Senin 12 Dec 2016 13:14 WIB

Nabi Muhammad SAW: Teladan Bagi Pejabat Publik

 Anies Baswedan
Foto: Republika/ Yasin Habibi
Anies Baswedan

REPUBLIKA.CO.ID, Oleh: Anies Baswedan

Bulan ini, umat Islam berada di dalam suasana bahagia sekaligus takzim dalam mengenang kehadiran kelahiran Nabi Muhammad SAW. Di sepanjang gang-gang dan jalan-jalan yang saya lalui di kota Jakarta yang saya tinggali, seruan untuk mengikuti pengajian atau berbagai kegiatan lain yang berkaitan dengan Maulid Nabi membahana. Yang menyelenggarakan juga beragam, mulai dari Masjid kampung, majelis taklim, kampus, hingga perkantoran. Bagi umat Islam di seluruh dunia, ini adalah saat yang istimewa.

Nabi Muhammad SAW bukan hanya sosok yang penting untuk umat Islam saja. Para cendekiawan dari beragam latar belakang, termasuk mereka yang belum mengimaninya, menyepakati bahwa beliau adalah tokoh besar yang telah menciptakan perubahan dunia. Ada yang menempatkannya sebagai tokoh paling berpengaruh sepanjang sejarah dunia, ada pula yang mengagumi keberhasilannya mengubah kaum yang tidak dikenal dari wilayah yang tidak diperhitungkan menjadi guru bagi dunia dalam etika dan ilmu pengetahuan.
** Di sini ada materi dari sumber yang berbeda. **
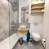 Cocina americana equipada (frigorífico y congelador, placa de inducción de dos fuegos, lavavajillas, microondas, horno, campana extractora y lavadora)

Tentu saja, bagi kita yang mengimaninya, Nabi Muhammad SAW adalah uswatun hasanah (suri teladan yang baik) dalam berbagai dimensi kehidupan, sebagaimana tercantum di dalam Surah Al Ahzab ayat 21.

Teladan bagi pejabat publik

Sebagai seorang pribadi, beliau adalah pribadi yang paling mempesona. “Akhlaqnya adalah Alquran,” tutur Aisyah RA sambil sesenggukan haru saat ditanya mengenai perangai Nabi. Sebagai seorang suami, ia adalah suami yang paling penuh kasih sayang, sehingga di sela-sela kesibukan beliau membimbing ummat pun beliau masih sempatkan berlomba lari dengan istri atau bahkan menggendongnya untuk melihat pertunjukan.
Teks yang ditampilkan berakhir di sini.